One excellent TPR resource is Todd McKay's TPR index cards [3] (sequence / chain commands and narrative). These cards provide a series of commands that slowly build in complexity. They are ideal for beginning level learners. Everything is scripted for the teacher, so as to cut down on time consuming lists and having to fumble through papers or books.
Bertha Segal Cook [4] highlights another important point. She points out that by stressing comprehension and allowing for a silent period, TPR eventually leads to natural, spontaneous speech. Traditional methods, which force speech, often lead to embarrassed and rehearsed speech production.
TPR is based on the concept that language acquisition can be greatly accelerated through the use of kinesthetic behavior (body movement). Dr. Asher noted in his early work that young children without schooling easily comprehended and uttered thousands of sentences, but both high school and college students, under professional teachers, found the process of 2nd language learning a stressful and unsuccessful experience. TPR reproduces the natural order of acquisition. Listening skill is far in advance of speaking skill. For instance, it is common to observe young children, who are not yet able to produce more than one word utterances, to demonstrate perfect understanding when an adult says 'Run to Grandma and give her a kiss.'
Understanding the spoken language should be developed in advance of speaking. In 1st language acquisition, adults will manipulate children's physical behavior by a massive number of commands. So, understanding should be developed through movement of the student's body. The instructor can utter commands to manipulate student behavior. Most of the grammatical structure of the target language and hundreds of vocabulary items can be learned through the skillful use of the imperative by the instructor.
Speech emerges naturally in the 1st language, it is not forced. Therefore, do not attempt to force speaking from students. As the students internalize the target language through understanding of what is heard, there will be a point of readiness to speak. The individual will spontaneously begin to produce utterances. Asher stresses that speech production (expressive stages) is natural, developmental and a spontaneous reaction that follows internalization (receptive stages - comprehending) of the target language's code.
One criticism of TPR is that it is only useful for beginning level students. Some teachers complain that the commands become tedious for intermediate level students and that more complex language is difficult to teach strictly with commands. To address this perceived limitation, Blaine Ray and Contee Seely developed TPR Storytelling [5], an excellent method for expanding TPR to the intermediate and advanced levels.
Ray and Seely support the use of "classic" TPR at the beginning levels, and as a means of pre-teaching key vocabulary at intermediate and advanced levels. "In using TPR, everything is comprehensible. When students don't understand, the word (s) gets modeled. Teaching vocabulary so that students experience it as something real or very realistic and therefore making it highly believable, is most effectively done by teaching words through actions - TPR. One reason that TPR produces long term recall, Asher suggests, is that "in the initial learning, there was keen activation of the kinesthetic sensory system or 'muscle learning' ". By using your muscles, you can remember. TPR words can be demonstrated with an action and easily understood without translation. These words are taught with commands and the students respond with total physical responses.

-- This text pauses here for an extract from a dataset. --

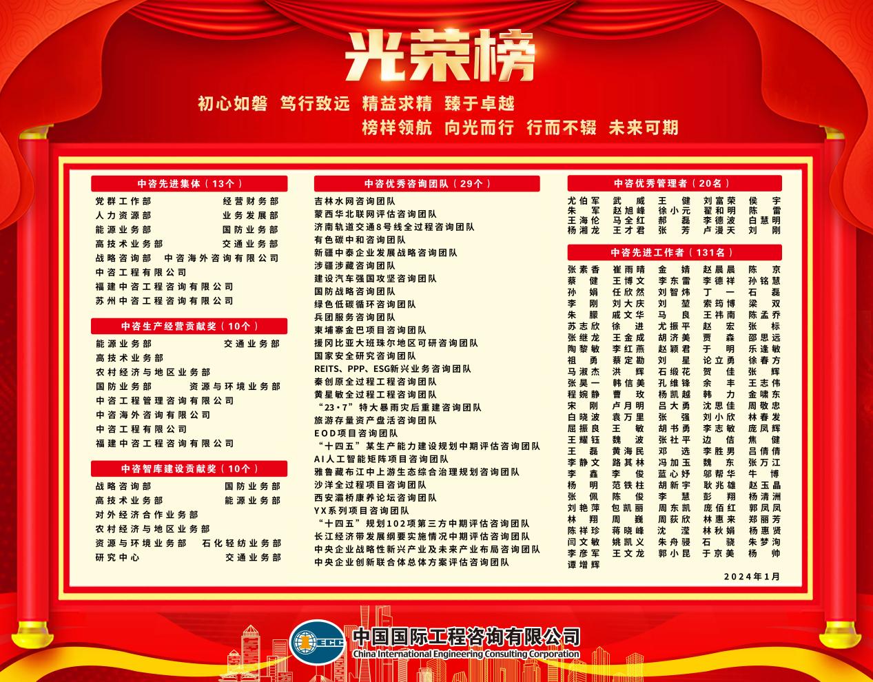 闊步新征程,昂首向未來。1月30日,中咨公司召開2024年度工作會(huì)議。會(huì)議的主要任務(wù)是,以習(xí)近平新時(shí)代中國特色社會(huì)主義思想為指導(dǎo),全面貫徹黨的二十大、二十屆二中全會(huì)精神和二十屆中央紀(jì)委三次全會(huì)精神,落實(shí)中央經(jīng)濟(jì)工作會(huì)議部署和中央企業(yè)負(fù)責(zé)人會(huì)議要求,全面總結(jié)公司2023年工作,聚焦新時(shí)代新征程面臨的新形勢(shì)新任務(wù),謀劃下一階段落實(shí)好“五五戰(zhàn)略”的具體路徑,部署2024年重點(diǎn)任務(wù),推動(dòng)公司高質(zhì)量發(fā)展再創(chuàng)新局面。 公司黨委書記、董事長、總經(jīng)理茍護(hù)生作《扎實(shí)推動(dòng)“五五戰(zhàn)略”落地生根 奮力開創(chuàng)公司高質(zhì)量發(fā)展新局面》主題報(bào)告。黨委委員、總會(huì)計(jì)師王麗靜主持會(huì)議。黨委委員、中咨戰(zhàn)略研究院執(zhí)行院長竇皓宣讀《公司黨委關(guān)于表彰2023年度先進(jìn)集體和先進(jìn)個(gè)人的決定》。黨委委員、副總經(jīng)理潘小海傳達(dá)中央經(jīng)濟(jì)工作會(huì)議、中央企業(yè)負(fù)責(zé)人會(huì)議、全國發(fā)展和改革工作會(huì)議精神。黨委委員、副總經(jīng)理沈浩傳達(dá)國務(wù)院國資委黨風(fēng)廉政建設(shè)和反腐敗工作會(huì)議精神。國家審計(jì)署企業(yè)審計(jì)八局有關(guān)同志以及公司外部董事楊愛民、余德輝出席會(huì)議。會(huì)議期間還表彰了2023年度先進(jìn)集體和個(gè)人以及簽訂2024年度經(jīng)營考核責(zé)任書。 會(huì)議指出,2023年,公司深入開展習(xí)近平新時(shí)代中國特色社會(huì)主義思想主題教育,堅(jiān)定不移落實(shí)“五五戰(zhàn)略”,加快建設(shè)國家高端智庫和世界一流咨詢機(jī)構(gòu),在服務(wù)中央科學(xué)決策和國家重大戰(zhàn)略方面做出突出貢獻(xiàn),核心功能和核心競爭力更加凸顯,圓滿完成國資委各項(xiàng)考核指標(biāo)。公司咨詢服務(wù)工作得到委托方高度認(rèn)可,收到中央部委、地方政府、大型企事業(yè)單位等各方感謝信240封,100多名個(gè)人和團(tuán)隊(duì)受到表揚(yáng)。公司榮獲菲迪克“卓越工程項(xiàng)目獎(jiǎng)”“優(yōu)秀工程項(xiàng)目獎(jiǎng)”各1項(xiàng)、魯班獎(jiǎng)4項(xiàng)、國家優(yōu)質(zhì)工程獎(jiǎng)9項(xiàng),獲得“2023年度誠信經(jīng)營守信踐諾標(biāo)桿企業(yè)”榮譽(yù)稱號(hào)。 會(huì)議從九個(gè)方面系統(tǒng)回顧過去一年的主要業(yè)績。智庫建設(shè)勇攀高峰,上報(bào)決策咨詢成果數(shù)量、質(zhì)量雙雙再創(chuàng)歷史新高;服務(wù)國家戰(zhàn)略做出新貢獻(xiàn),在服務(wù)國家重大戰(zhàn)略規(guī)劃評(píng)估、國家重大工程建設(shè)、高水平支撐現(xiàn)代化產(chǎn)業(yè)體系建設(shè)和科技自立自強(qiáng)、踐行綠色發(fā)展理念、助力“一帶一路”行穩(wěn)致遠(yuǎn)、保障國防軍工建設(shè)、服務(wù)國資央企高質(zhì)量發(fā)展等方面展現(xiàn)擔(dān)當(dāng)作為;生產(chǎn)經(jīng)營逆勢(shì)上揚(yáng),“一利”穩(wěn)定增長,“五率”持續(xù)優(yōu)化;業(yè)務(wù)結(jié)構(gòu)持續(xù)優(yōu)化,新興業(yè)務(wù)穩(wěn)步增長,總部部門與所屬企業(yè)協(xié)同效應(yīng)更加突出,“6+1”全過程咨詢產(chǎn)業(yè)鏈條進(jìn)一步完善;深化改革實(shí)現(xiàn)新突破,形成新時(shí)期推動(dòng)公司高質(zhì)量發(fā)展的“五五戰(zhàn)略”,新一輪改革深化提升行動(dòng)高質(zhì)量起步,董事會(huì)運(yùn)行更加規(guī)范、作用更加突出;建設(shè)世界一流咨詢機(jī)構(gòu)邁出堅(jiān)實(shí)步伐,在對(duì)標(biāo)世界一流價(jià)值創(chuàng)造、豐富資質(zhì)體系、品牌引領(lǐng)、區(qū)域化布局、數(shù)字化運(yùn)營、標(biāo)準(zhǔn)化建設(shè)、財(cái)務(wù)信息化、干部選任、專家隊(duì)伍建設(shè)、智庫成果發(fā)布等方面取得新成效;風(fēng)險(xiǎn)內(nèi)控工作持續(xù)加強(qiáng),推進(jìn)審計(jì)全覆蓋,健全合規(guī)管理體系,安全生產(chǎn)形勢(shì)總體穩(wěn)定;黨的建設(shè)開創(chuàng)新局面,在主題教育中一體推進(jìn)理論學(xué)習(xí)、調(diào)查研究、推動(dòng)發(fā)展、檢視整改,宣傳思想、工會(huì)、統(tǒng)戰(zhàn)、團(tuán)青等各項(xiàng)工作邁上新臺(tái)階;全面從嚴(yán)治黨縱深推進(jìn),突出政治監(jiān)督,做實(shí)日常監(jiān)督,加強(qiáng)作風(fēng)建設(shè),開展紀(jì)檢干部隊(duì)伍教育整頓和巡查式、回訪式、機(jī)動(dòng)式巡視,黨風(fēng)廉政建設(shè)和反腐敗工作走深走實(shí)。公司各項(xiàng)工作全面推進(jìn),呈現(xiàn)穩(wěn)中求進(jìn)、進(jìn)中向好的發(fā)展態(tài)勢(shì)。 茍護(hù)生表示,在經(jīng)濟(jì)下行壓力大、改革發(fā)展任務(wù)重、矛盾風(fēng)險(xiǎn)挑戰(zhàn)多的背景下,公司取得發(fā)展成績殊為不易,根本在于以習(xí)近平同志為核心的黨中央堅(jiān)強(qiáng)領(lǐng)導(dǎo),是國務(wù)院的信任和各部委大力支持、國資委直接指導(dǎo)的結(jié)果,是全體干部職工團(tuán)結(jié)拼搏的結(jié)果。新的一年要延續(xù)良好勢(shì)頭,就要深入研判當(dāng)前形勢(shì),科學(xué)謀劃下步工作。總體而言,機

After the first exposure, each item is practiced with physical responses. TPR teaches words quickly and in chunks. However, the problem with TPR is that only a small percentage of the words in a language can be modeled and easily understood without translation (ex. government). So, TPR is effective as long as the teacher has interesting and non-repetitive novel commands and it is used with words that are easily demonstrated and understood. TPR can be used regularly and effectively in the pre-storytelling stage (TPR Storytelling)."
After the beginning level, Ray and Seely introduce the idea of storytelling.... the teacher tells stories and has students act them out physically, playing various roles and characters. Each story is then re-told two or three more times in order to facilitate comprehension. Sometimes the story is re-told from a different point of view, or using a different time frame (past, present, progressive, future, etc...).
The above sources sum up the basic methods and resources of TPR. There is also a good body of research that demonstrates strong benefits for TPR when compared with traditional methods.
A study by Valerian Postovsky [6] supports the silent period and focus on comprehension that are key elements of the TPR method. In TPR, production is delayed until comprehension has been extensively internalized. Evidence supporting the hypothesis that delaying production is beneficial may be found in a doctoral dissertation by Valerian Postovsky who was at the Defense Language Institute in Monterey, California. The subjects of Postovsky's study were military personnel ages 18-24 with about 2.75 years of college education. The results showed that overall proficiency in Russian was significantly better when oral practice was delayed at the beginning of language instruction until comprehension of spoken Russian was extensively internalized.
Another very important benefit of TPR is that students like it. In a study at the University of Texas, Swaffar and Woodruff [7] compared the retention rate of beginning level students in traditional German classes with those in TPR classes. They found that the attrition rate (from level one to two) in traditional classes was about 50%, while it was only 25% in the TPR classes. This is an important point, as attrition is a problem in many language programs.
The Teaching Methods Textbook [8] referred to a study that compared TPR to audio-lingual methods. "After 45 hours of instruction, the TPR group was compared to the audio-lingual group, whose hours ranged from 75 to 200. The TPR group exceeded all other groups in listening skills. After 90 hours of instruction, the group was given a form of the Pimsleur Spanish Proficiency Test that was intended for students who had completed 150 hours of college instruction, audio-lingual style.
Even with almost no direct instruction in reading and writing, the students were beyond the 75th percentile for level I and beyond the 65th percentile for level II. These studies clearly indicate that TPR produced better results than the audio-lingual method. Asher attributed the success to the fact that TPR utilizes implicit learning, whereas audio-lingual methods rely on explicit learning. These two concepts roughly parallel Krashen's acquisition/learning distinction."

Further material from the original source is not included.